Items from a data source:
= Beginning of Section =

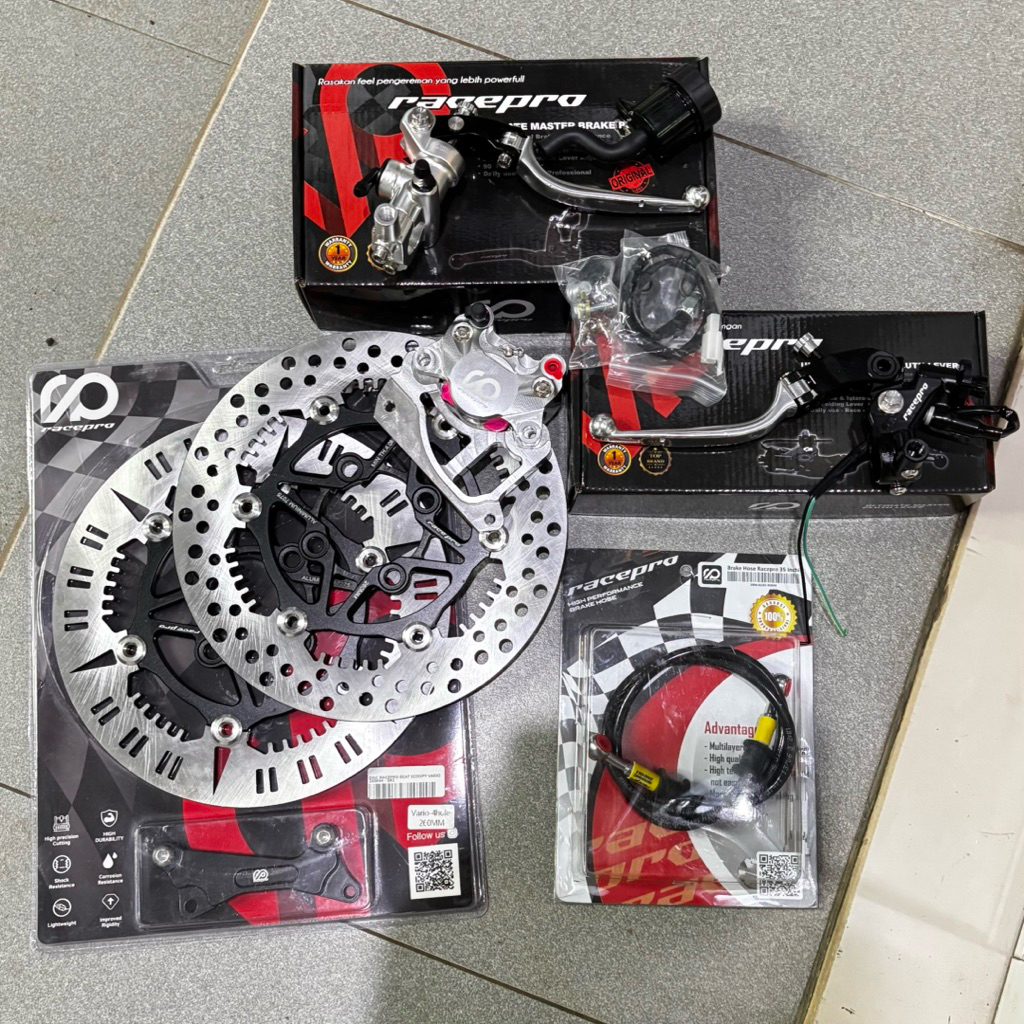 PAKET PENGEREMAN RACEPRO FULL SILVER V5 MASTER GT-1 KALIPER GPX-2P DISC SR1/SR2 VARIO 125 150 BEAT SCOOPY MIO KARBU GENI
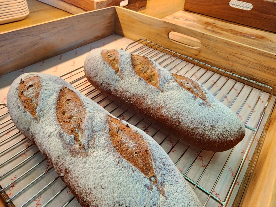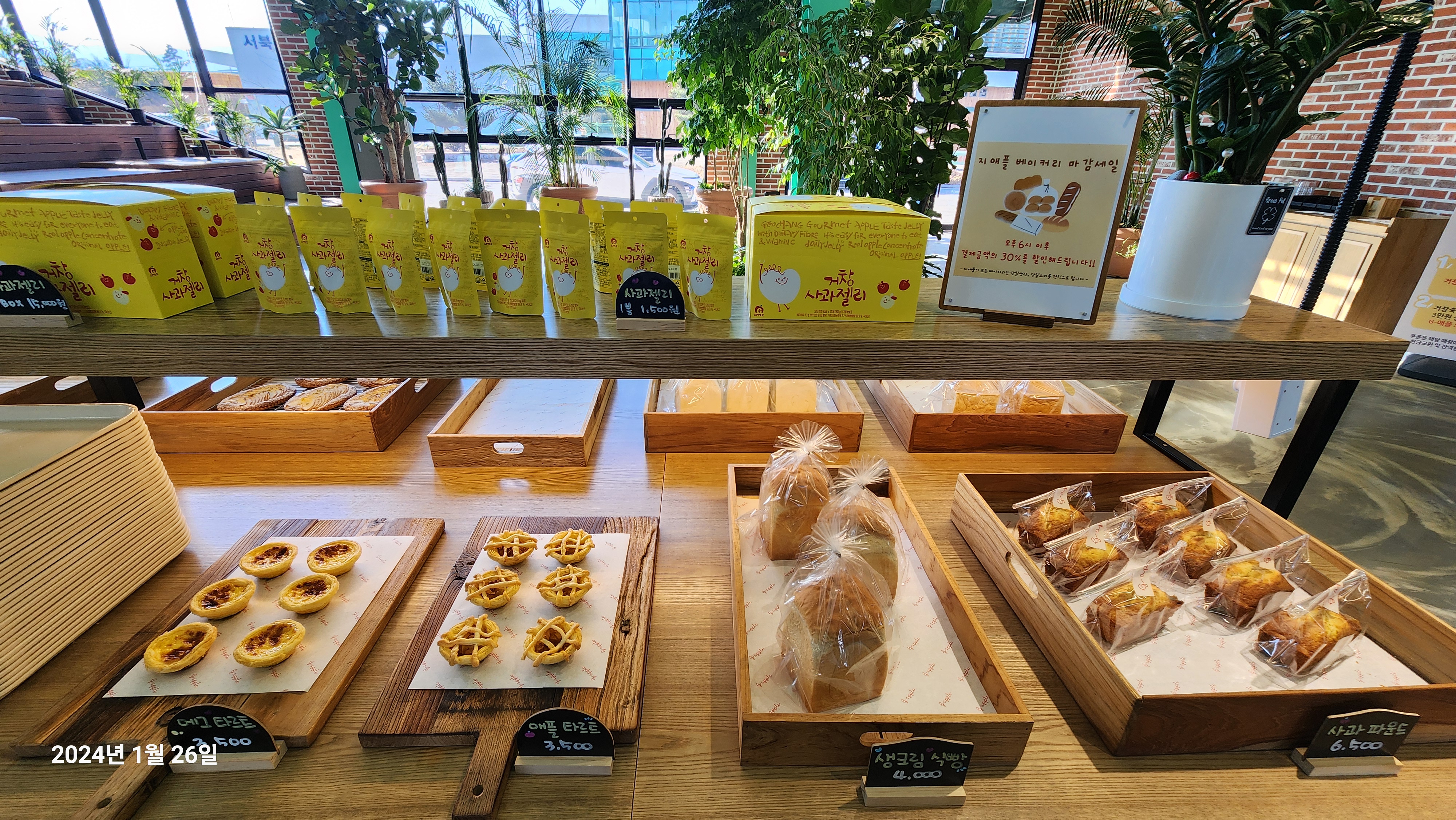 2. 거창 지애플은 베이커리 카페로 사과를 중심으로 모든 빵이 만들어진다. 사진의 왼쪽부터 <올리브치즈식빵, 홍차브레드, 사과파이, 에그타르트, 생크림식빵, 사과파운드> 등 온통 건강빵들이 즐비하게 진열되어 있다.
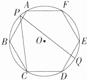 7.「2023四川内江中考,☆☆」如图,正六边形ABCDEF内接于⊙O,点P在⌢AB上,点Q是⌢DE的中点,则∠CPQ的度数为(
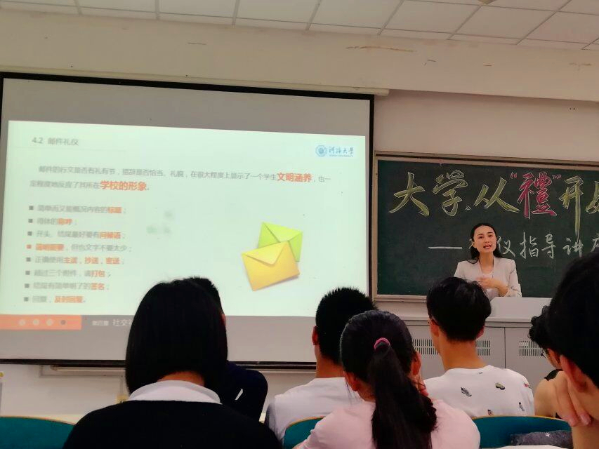 9月26日,91论坛 面向2017级本科新生进行礼仪指导,2017级本科生辅导员王玲老师在江宁校区致高楼B楼111教室主讲了此次讲座。
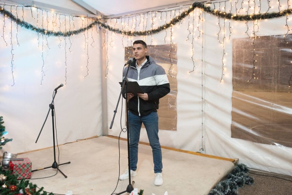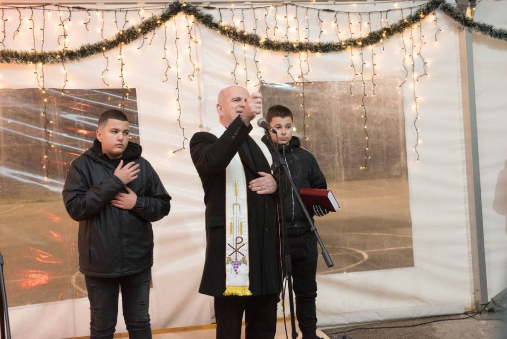 Manifestacija je započela u 19.30 sati, a voditelj programa David Milišić najavio je bogat program adventske večeri, te pozvao bjelopoljskog župnika don Rajka da uputi prigodnu riječ i blagoslov.
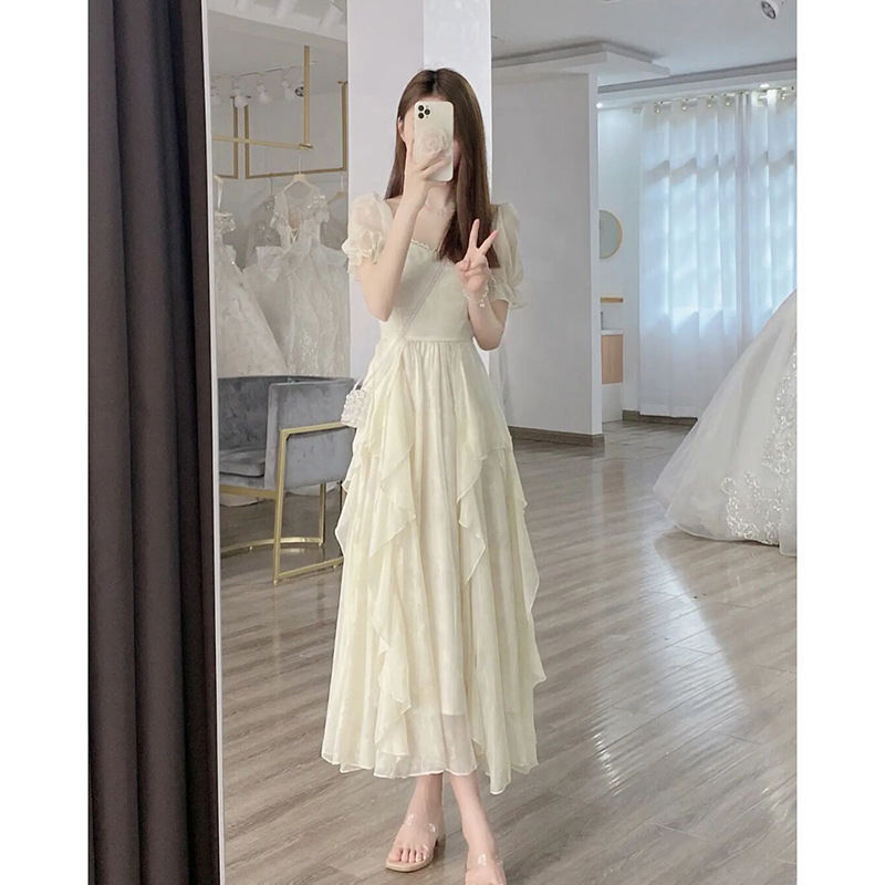 新しいフランスのアンドロメダの優しい風の長いスカートの高級感の小さい大衆の設計の気質の白いワンピースのスカートの夏
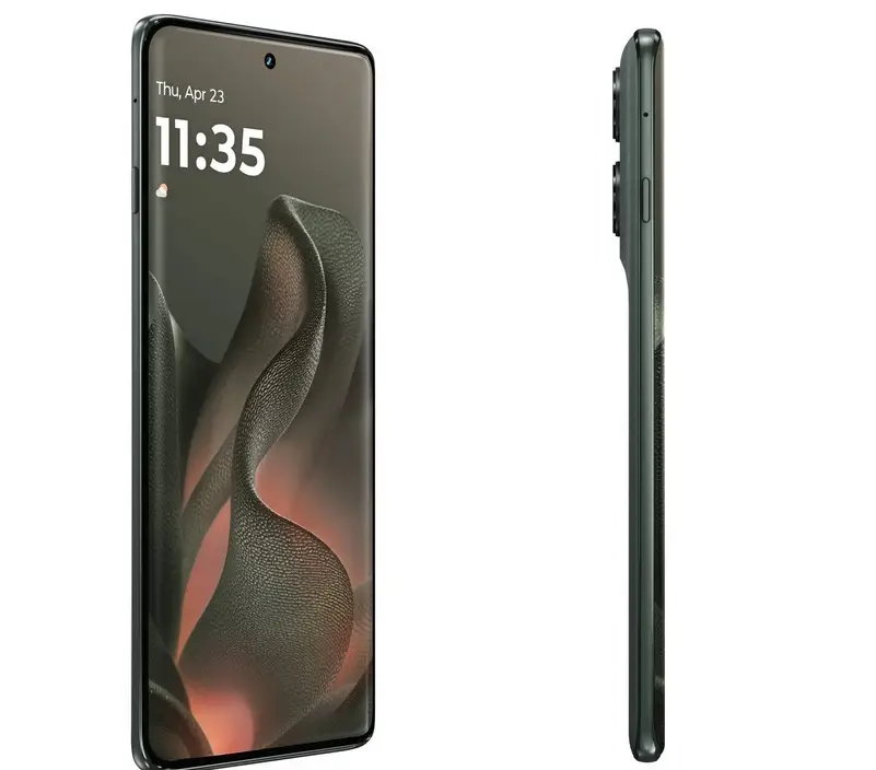 Bagian belakang ponsel menunjukkan perubahan besar. Edge 2025 akan memiliki tiga kamera belakang, bukan dua. Ini menghasilkan modul kamera yang lebih besar dan lampu kilat LED yang didesain ulang. Ponsel ini juga memiliki bagian belakang kulit imitasi dan hadir dalam warna hijau bergaya Pantone. Tidak jelas apakah lebih banyak warna akan tersedia.
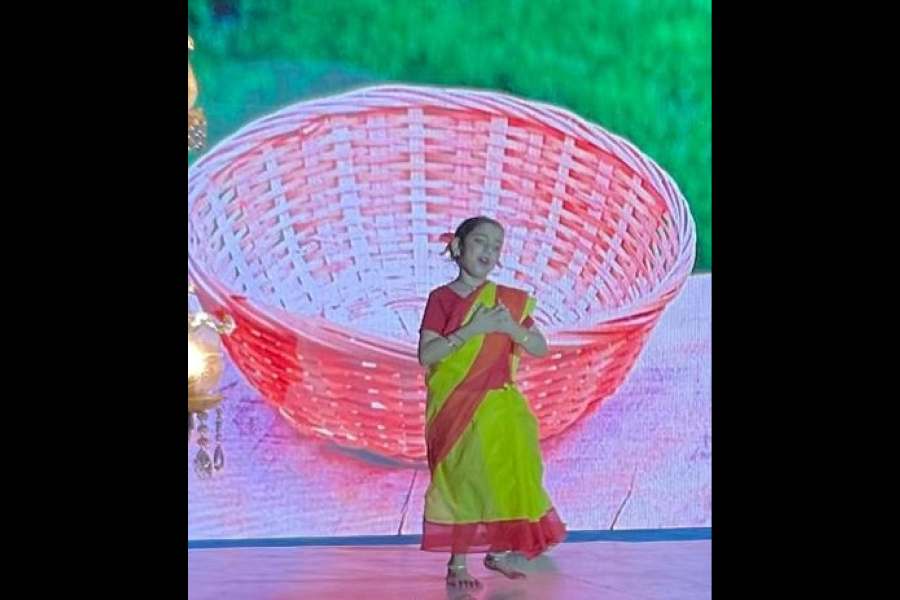 The show recreated memories of childhood pastimes — playing with talpatar sepai (soldiers made of palm leaves), balloon and kite-flying, and floating paper boats after a shower. The song Amader bakultalay bhir jomechhe, accompanied by Raina Guha’s dance, stirred memories of village fairs and the joy of riding the Ferris wheel.
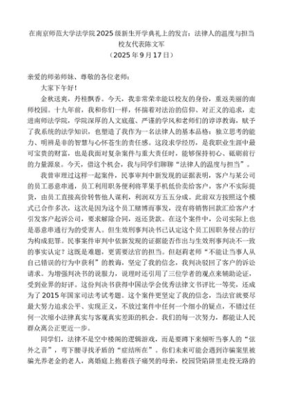 领导讲话:20250930校友代表陈文军:在南京师范大学法学院2025级新生开学典礼上的发言:法律人的温度与担当
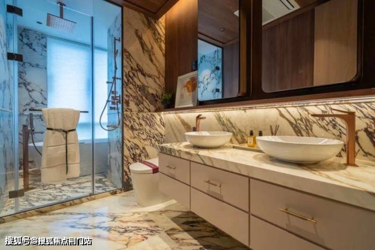 简单环视餐客厅、卫生间,不同石材点缀,不仅材质更耐用,也让空间更具视觉冲击力,整体优雅、品质感呼之欲出。

= End of Section =

Task -> Write out the lines that run from the line containing "The show recreated" to the end of the entries, inclusive, exactly as written. Skip every picture.

Problem solution ->
 The show recreated memories of childhood pastimes — playing with talpatar sepai (soldiers made of palm leaves), balloon and kite-flying, and floating paper boats after a shower. The song Amader bakultalay bhir jomechhe, accompanied by Raina Guha’s dance, stirred memories of village fairs and the joy of riding the Ferris wheel.
 领导讲话:20250930校友代表陈文军:在南京师范大学法学院2025级新生开学典礼上的发言:法律人的温度与担当
 简单环视餐客厅、卫生间,不同石材点缀,不仅材质更耐用,也让空间更具视觉冲击力,整体优雅、品质感呼之欲出。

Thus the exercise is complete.